Tuttavia, non tutti i programmi che richiedono privilegi amministrativi vengono eseguiti automaticamente con sudo. Di solito devi avviare manualmente i programmi con diritti di amministratore.

Esecuzione di programmi di grafica con diritti di amministratore

Per cominciare programmi grafici con i diritti di amministratore, puoi utilizzare la finestra di dialogo di avvio del programma, richiamata per impostazione predefinita con la scorciatoia da tastiera Alt + F2 .

Diciamo che dobbiamo correre gestore di file Nautilus con diritti di amministratore su through GUI in qualche modo modificare il contenuto cartelle di sistema. Per fare ciò, inserisci il comando nella finestra di dialogo di avvio dell'applicazione

gksudo nautilus

gksudo può essere sostituito da gksu e gli utenti di KDE dovrebbero scrivere kdesu invece di gksudo. Ti verrà chiesto di inserire la tua password, e se l'hai diritti necessari, Nautilus verrà eseguito come amministratore. Qualsiasi software grafico può essere avviato con diritti di amministratore semplicemente scrivendo nella finestra di dialogo di avvio

gksudo<имя_команды>

Prestare estrema attenzione quando si lavora in applicazioni in esecuzione con diritti di amministratore. Sarai in grado di eseguire qualsiasi operazione senza alcun avviso dal sistema, in particolare, eliminare file di sistema rendendo così inutilizzabile il sistema.

Esecuzione di programmi con diritti di amministratore nel terminale

Per eseguire un comando nel terminale come amministratore, digita semplicemente sudo davanti ad esso:

sudo<команда>

Ti verrà chiesto di inserire la tua password. Fai attenzione, la password quando entri non c'è modo non viene visualizzato, questo è normale e fatto per motivi di sicurezza, basta digitare fino alla fine e premere Invio.
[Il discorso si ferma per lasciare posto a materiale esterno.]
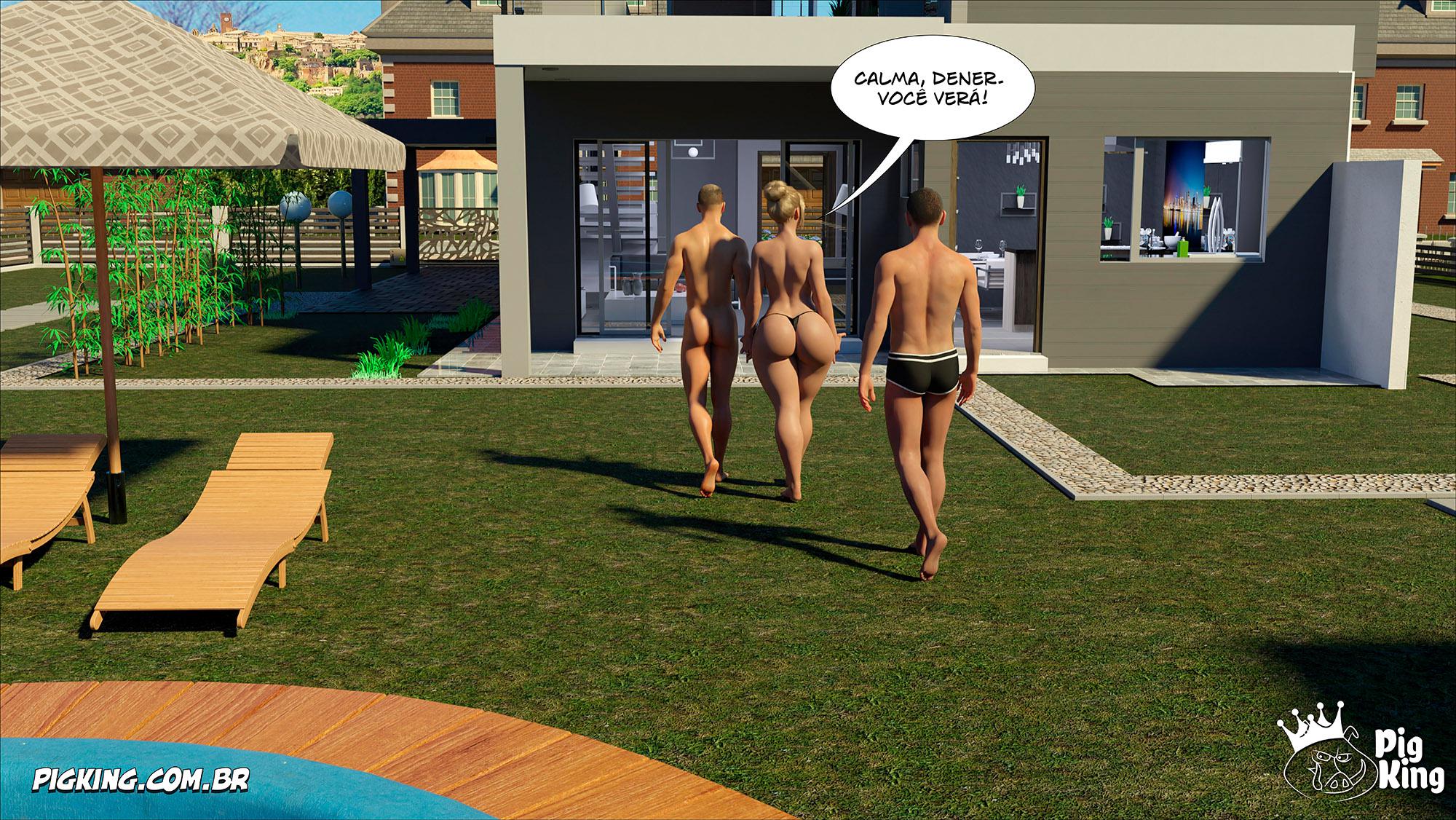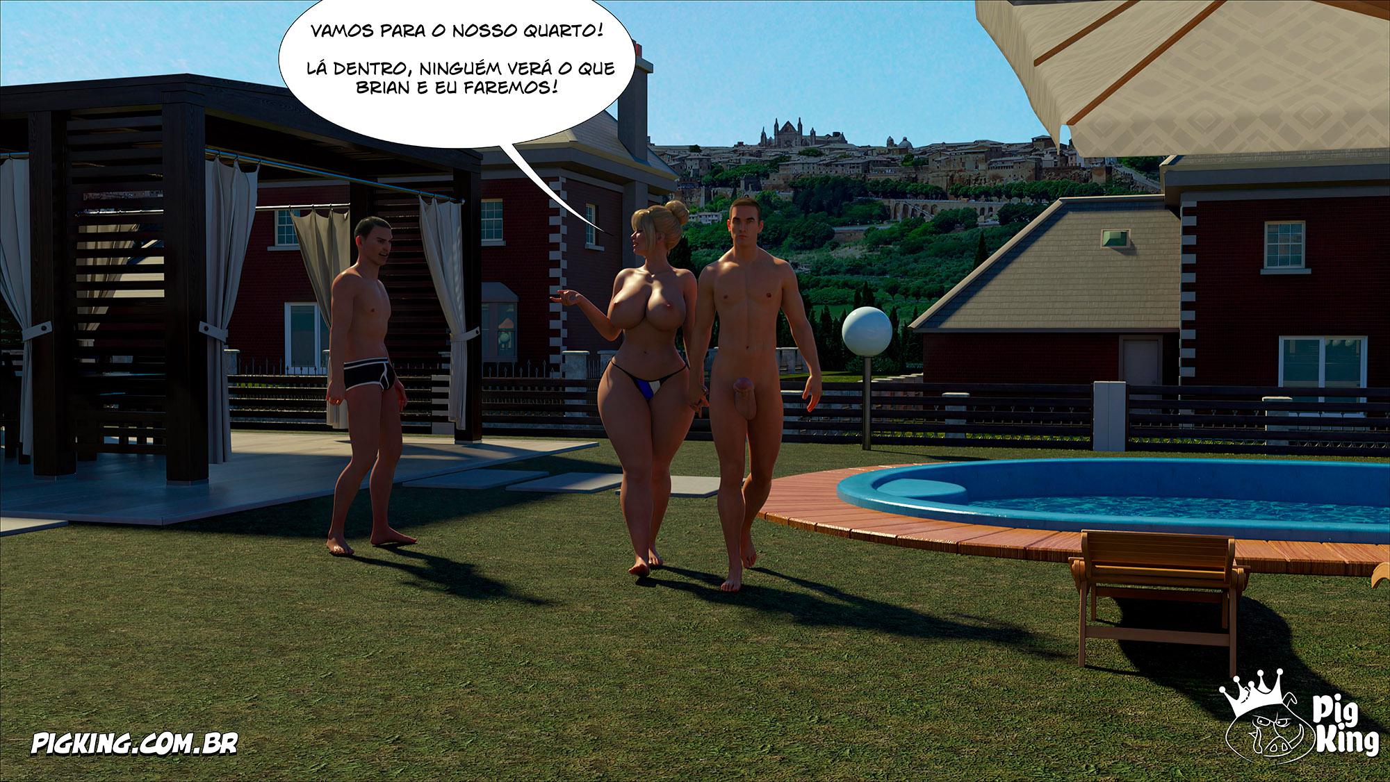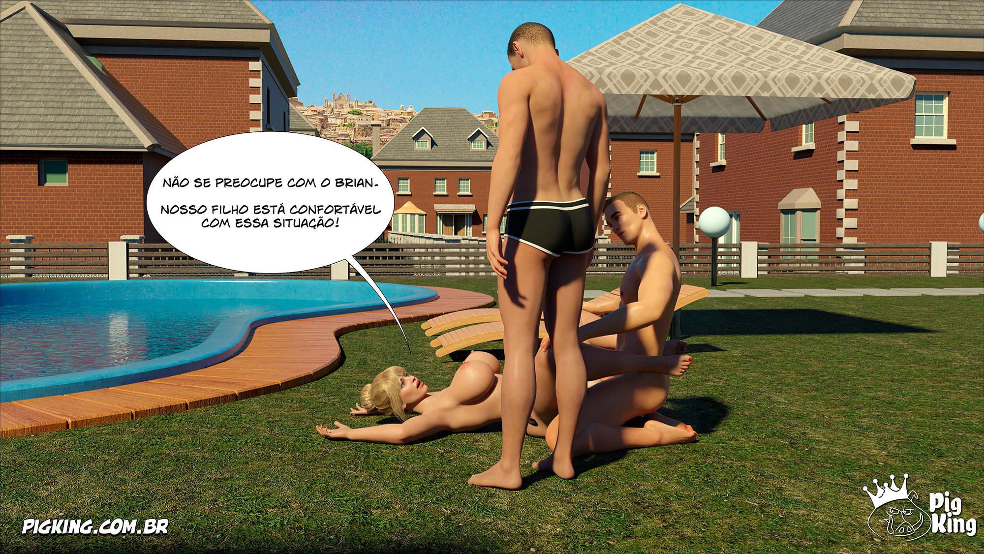 Janine estava com o seu filho na área de piscina e ela acaba ficando excitada e deixa que ele a foda. Mas o seu marido estava assistindo tudo e vai tirar satisfação com eles. Então Janine consegue amansar o corno e os três vão para o quarto.

Dopo aver inserito la password, il comando specificato verrà eseguito come root.

Il sistema ricorda per qualche tempo la password inserita (mantiene aperta la sessione sudo). Pertanto, le successive esecuzioni sudo potrebbero non richiedere la password. Per assicurarti che una sessione sudo sia terminata, digita un terminale

Inoltre, i bug relativi alle pipe in Linux sono comuni. Quando si esegue un comando

Sudo gatto test.txt | testo grep > risultato.txt

Con come radice verrà eseguito solo cat, quindi il file risultato.txt potrebbe non iscriversi. O devi scrivere sudo prima di ogni comando o passare temporaneamente a superutente.

Ottenere i diritti di superutente per eseguire più comandi

A volte diventa necessario eseguire più comandi di seguito con diritti di amministratore. In questo caso, puoi diventare temporaneamente il superutente con uno dei seguenti comandi:

sudo -s sudo -i

Successivamente, entrerai nella modalità superutente (con restrizioni imposte tramite le impostazioni sudo), come indicato dal simbolo # alla fine del prompt dei comandi. I dati del comando di azione sono simili a su , tuttavia:- sudo -s- non cambia la home directory in /root, la home directory rimane la home directory dell'utente che ha chiamato sudo -s che di solito è molto conveniente. - sudo -i- cambierà anche la directory home in /root.

Per tornare alla normale modalità utente, digita exit o premi semplicemente Ctrl + D .

Usando il tradizionale account root e il comando su

Sbloccare account root comporta rischi ingiustificati (lavorando come root tutto il tempo hai 100.500 modi per "spararti ai piedi") e rende anche più facile per un utente malintenzionato ottenere l'accesso al tuo computer.

Ubuntu 11.04 e versioni precedenti

Per accedere come root, basta impostare una password per esso:

sudo passwd radice

Quindi, nella schermata di accesso, fai clic su Altro... e inserisci il nome utente (root) e la password che hai impostato.

Ubuntu 11.10 e precedenti

Dalla versione 11.10, è stato installato il gestore degli accessi lightdm e la gestione degli accessi root è un po' più complicata.

1. Impostare la password di root. Digita nel terminale:

sudo passwd radice

2. Attiva la voce "Inserisci il tuo login". Digita nel terminale:

Gksu gedit /etc/lightdm/lightdm.conf

Alla fine del file aggiungi:

Greeter-show-manual-login=true

3. Riavvia lightdm. Digita nel terminale:

sudo service lightdm riavvio

Ecco fatto, nella schermata di login comparirà la voce "Login". Nel campo login, inserisci "root", nel campo password - la password che abbiamo impostato nella prima fase.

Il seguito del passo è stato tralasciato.